Today’s neural networks are particularly powerful because they can interface directly with the real world. By providing them a stream of data, they can learn to make sense of it.

The benefits of symbols

For all their successes, neural networks still fall short on some pretty simple tasks.

Consider, for example, scene understanding. Looking around the room in front of you, you are not only able to identify the objects you see, you also understand their relationships. The book is on the desk; the window is to the right of the door. While artificial neural networks can easily identify these objects, they struggle to explain their relationships or predict the effects of actions on them.

Symbolic systems are designed to explicitly capture relationships as well as compositionality. Compositionality means that parts can be combined into wholes. So, while a neural network may see a car as a car, a symbolic system could be designed to know that a car is made up of an engine, tyres, doors and so on.

Knowing both how parts relate to each other and how they relate to the whole lets symbolic systems extrapolate. When a symbolic system encounters a car it has never seen before, for example, it can still deduce that it has an engine. And it knows that the engine can be inside or outside the car.

That is because in a symbolic system, the concept of outside can be combined with the concept of an engine, even if the system has never specifically seen an engine outside a car. Neural networks, because they are trained on specific data, have trouble processing new situations that are too different from what they’ve seen before.

In effect, symbols allow for reasoning. And reasoning is core to intelligence.

Combined systems

In an effort to have the best of both worlds, research groups worldwide are working on building systems that think with symbols but learn like neural networks.
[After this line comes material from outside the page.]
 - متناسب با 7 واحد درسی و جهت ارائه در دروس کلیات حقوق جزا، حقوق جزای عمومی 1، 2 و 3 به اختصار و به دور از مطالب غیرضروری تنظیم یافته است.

One example of a ‘neuro-symbolic’ approach is relation networks. Introduced in 2017, relation networks are artificial neural networks trained explicitly to predict the relationship between objects. In doing so, they can achieve much higher performance than traditional networks on scene understanding tasks.
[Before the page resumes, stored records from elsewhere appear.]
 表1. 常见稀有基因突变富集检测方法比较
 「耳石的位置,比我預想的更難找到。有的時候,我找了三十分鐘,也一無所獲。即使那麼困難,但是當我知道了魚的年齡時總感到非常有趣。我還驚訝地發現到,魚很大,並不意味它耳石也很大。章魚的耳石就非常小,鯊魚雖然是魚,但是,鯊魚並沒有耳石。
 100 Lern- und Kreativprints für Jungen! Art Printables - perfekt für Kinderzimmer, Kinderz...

Another system, known as logic tensor networks (LTN), implements the rules of logic using the maths of linear algebra. The network then learns within the constraints of these rules to represent and manipulate data.
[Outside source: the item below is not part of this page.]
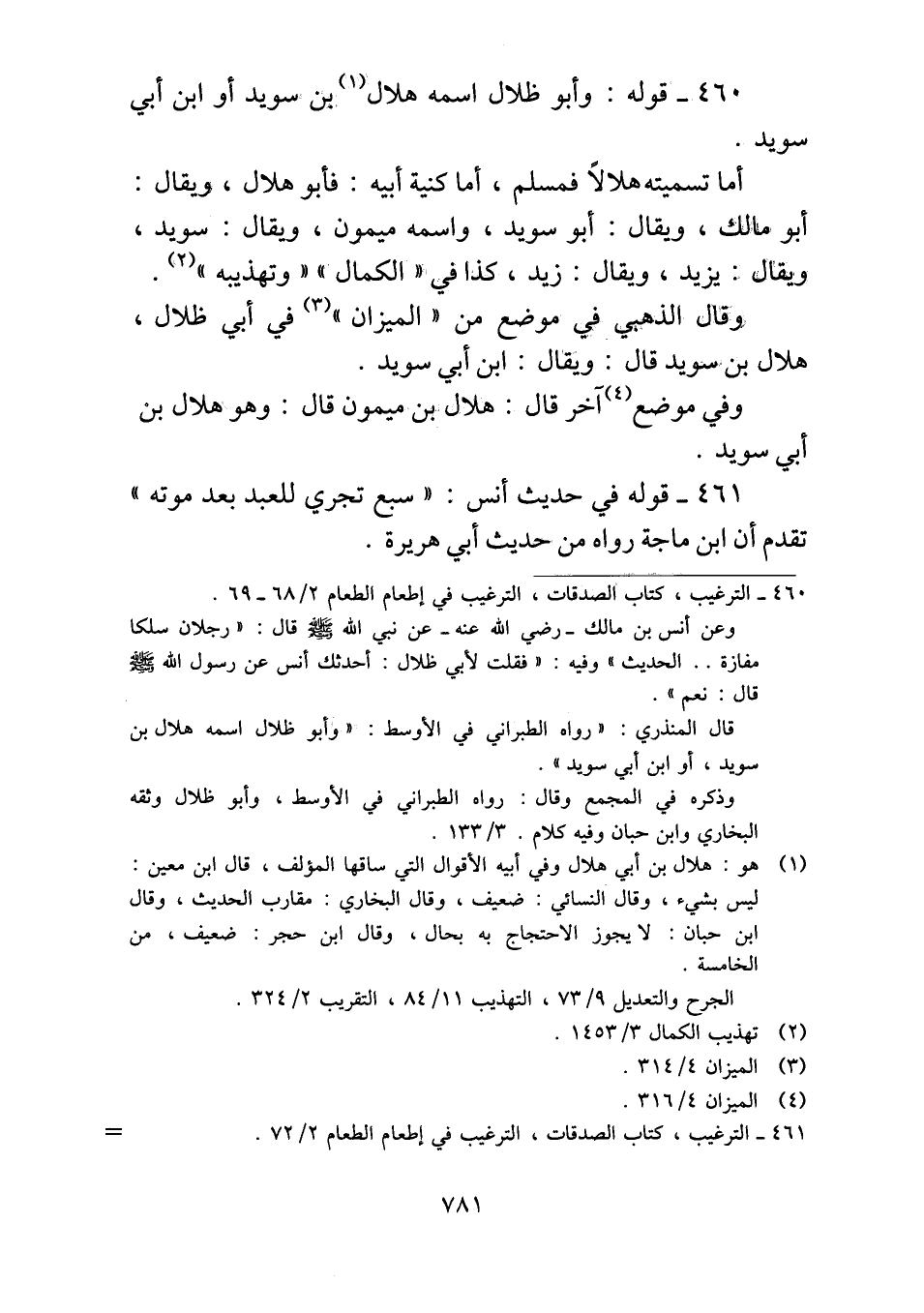 ٤٦٠ - قوله: وأبو ظلال اسمه هلال بن سويد أو ابن أبي سويد.

Differentiable neural computers also aim to combine the benefits of traditional computing systems with the power of neural networks. Here, a neural network implements a Turing machine; that is, it is trained to read to and write from an external memory.

This memory allows it to store data in a more structured way than normal neural networks. Differentiable neural computers have been trained to solve many reasoning problems such as finding the shortest path between two points.

Going back to the brain

The goal of combining neural and symbolic systems assumes that they are separate ways of processing information. Yet, it was through reflection on their own ways of thinking combined with insights from cognitive science that inspired the pioneers of early symbolic AI. That is, symbolic systems aim - to some extent - to mimic the human mind. And the human mind runs on neurons.

When you peek inside a computer, you don’t see symbols. Symbolic processing is implemented through the interaction of transistors and other electrical components. The same is true in the brain. While it is hard to see symbolic processing at the neuron level, it is indeed the interaction of neurons that ultimately gives rise to how humans think, including how they think symbolically.

It is the challenge of future neuroscientists and AI engineers to understand exactly how neurons in the brain support all aspects of intelligence - including learning from data and symbolic thinking. Not only will this advance our understanding of the brain, it will pave the way for truly intelligent computers.